▶ Collected material
● ● ● ● ● ● ●
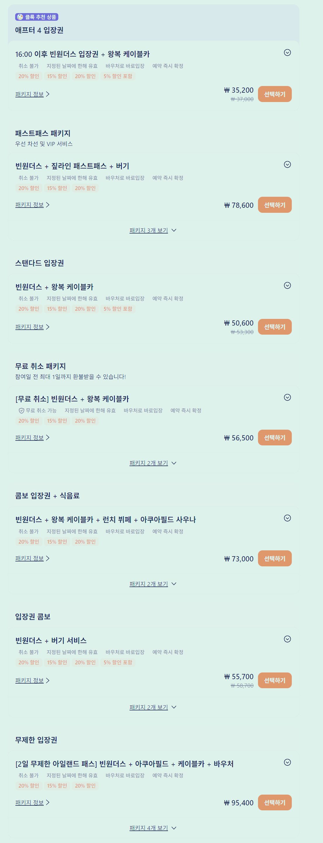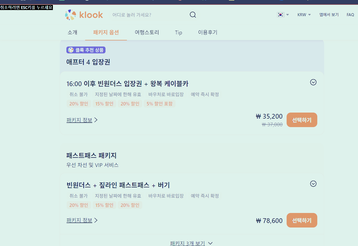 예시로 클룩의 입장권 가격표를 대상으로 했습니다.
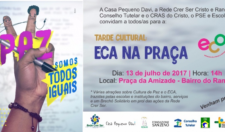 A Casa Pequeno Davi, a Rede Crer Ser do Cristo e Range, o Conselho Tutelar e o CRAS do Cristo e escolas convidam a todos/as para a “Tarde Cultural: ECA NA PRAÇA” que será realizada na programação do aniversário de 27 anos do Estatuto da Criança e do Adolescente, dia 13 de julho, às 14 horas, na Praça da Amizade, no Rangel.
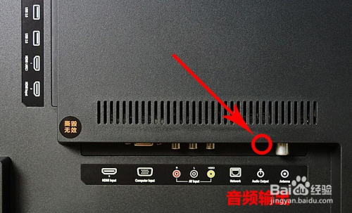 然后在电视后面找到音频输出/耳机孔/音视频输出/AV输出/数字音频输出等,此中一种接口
● ● ● ● ● ● ●
▶ Exercise brief
Everything in the listing must be copied exactly except the pictures.

▶ Worked solution
 예시로 클룩의 입장권 가격표를 대상으로 했습니다.
 A Casa Pequeno Davi, a Rede Crer Ser do Cristo e Range, o Conselho Tutelar e o CRAS do Cristo e escolas convidam a todos/as para a “Tarde Cultural: ECA NA PRAÇA” que será realizada na programação do aniversário de 27 anos do Estatuto da Criança e do Adolescente, dia 13 de julho, às 14 horas, na Praça da Amizade, no Rangel.
 然后在电视后面找到音频输出/耳机孔/音视频输出/AV输出/数字音频输出等,此中一种接口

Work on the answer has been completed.